I'm experiencing a 5x-10x slow down when adding one condition to a WHERE clause in a join. I have verified indexes are being used and this is a pretty simple query with 2 joins:
This query takes an .5 seconds:
EXPLAIN ANALYZE SELECT COUNT(*) FROM "businesses"
INNER JOIN categorizations ON categorizations.business_id = businesses.id
INNER JOIN postal_codes ON businesses.postal_code_id = postal_codes.id
WHERE categorizations.category_id IN (958,968,936)
AND lower(city) IN ('new york');
QUERY PLAN
------------------------------------------------------------------------------------------------------------------------------------------------------------------
Aggregate (cost=60600.79..60600.80 rows=1 width=0) (actual time=741.224..741.225 rows=1 loops=1)
-> Hash Join (cost=321.63..60600.78 rows=2 width=0) (actual time=23.360..740.475 rows=795 loops=1)
Hash Cond: (businesses.postal_code_id = postal_codes.id)
-> Nested Loop (cost=184.63..60400.82 rows=16784 width=4) (actual time=19.200..690.901 rows=58076 loops=1)
-> Bitmap Heap Scan on categorizations (cost=184.20..17662.46 rows=16784 width=4) (actual time=19.164..131.991 rows=58076 loops=1)
Recheck Cond: (category_id = ANY ('{958,968,936}'::integer[]))
-> Bitmap Index Scan on categorizations_category_id (cost=0.00..180.00 rows=16784 width=0) (actual time=9.994..9.994 rows=58076 loops=1)

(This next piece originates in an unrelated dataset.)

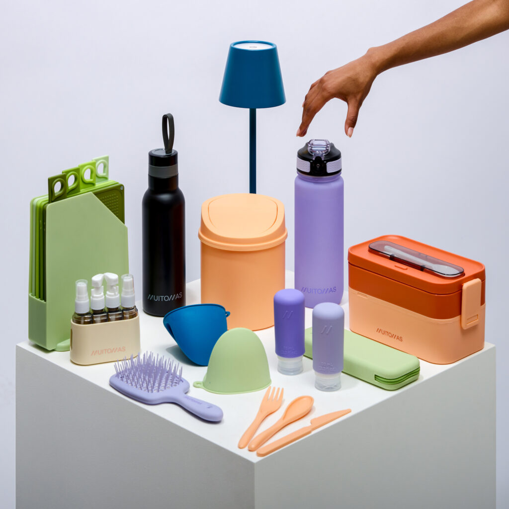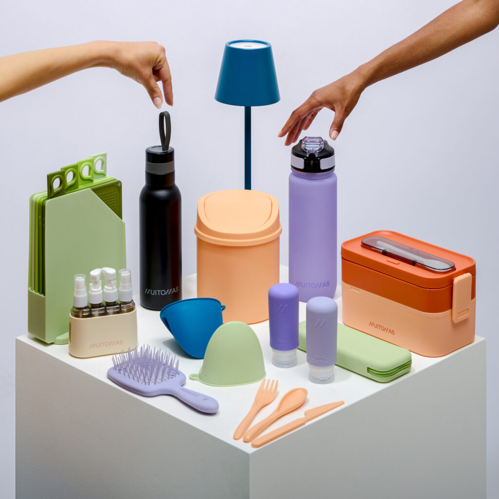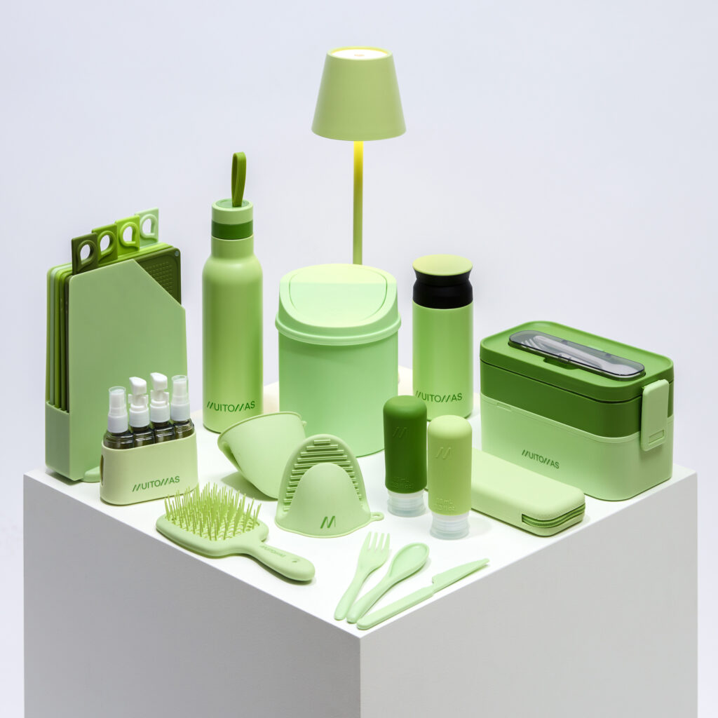 Tutti i prodotti sono accuratamente selezionati dal punto di vista del design e della scelta dei colori, perfettamente in linea con i trend del momento: peach fuzz, verde salvia, blu ottanio e lilla, oltre ai classici bianco e nero. Proprio il colore rappresenta infatti uno dei punti di forza di Muitomas, grazie alla possibilità di creare e collezionare set coordinati nella nuance preferita, da arricchire nel corso del tempo.
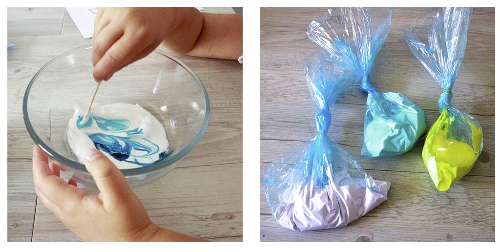 - Pon la mezcla coloreada dentro de una bolsa de plástico para congelados y haz un nudo.

Index Cond: (category_id = ANY ('{958,968,936}'::integer[]))
-> Index Scan using businesses_pkey on businesses (cost=0.43..2.54 rows=1 width=8) (actual time=0.005..0.006 rows=1 loops=58076)
Index Cond: (id = categorizations.business_id)
-> Hash (cost=135.49..135.49 rows=121 width=4) (actual time=0.449..0.449 rows=150 loops=1)
Buckets: 1024 Batches: 1 Memory Usage: 6kB
-> Index Scan using idx_postal_codes_lower_city on postal_codes (cost=0.43..135.49 rows=121 width=4) (actual time=0.037..0.312 rows=150 loops=1)
Index Cond: (lower((city)::text) = 'new york'::text)
Total runtime: 741.321 ms
(15 rows)
But adding just one condition (the region) pushes the average to 4 seconds:
EXPLAIN ANALYZE SELECT COUNT(*) FROM "businesses"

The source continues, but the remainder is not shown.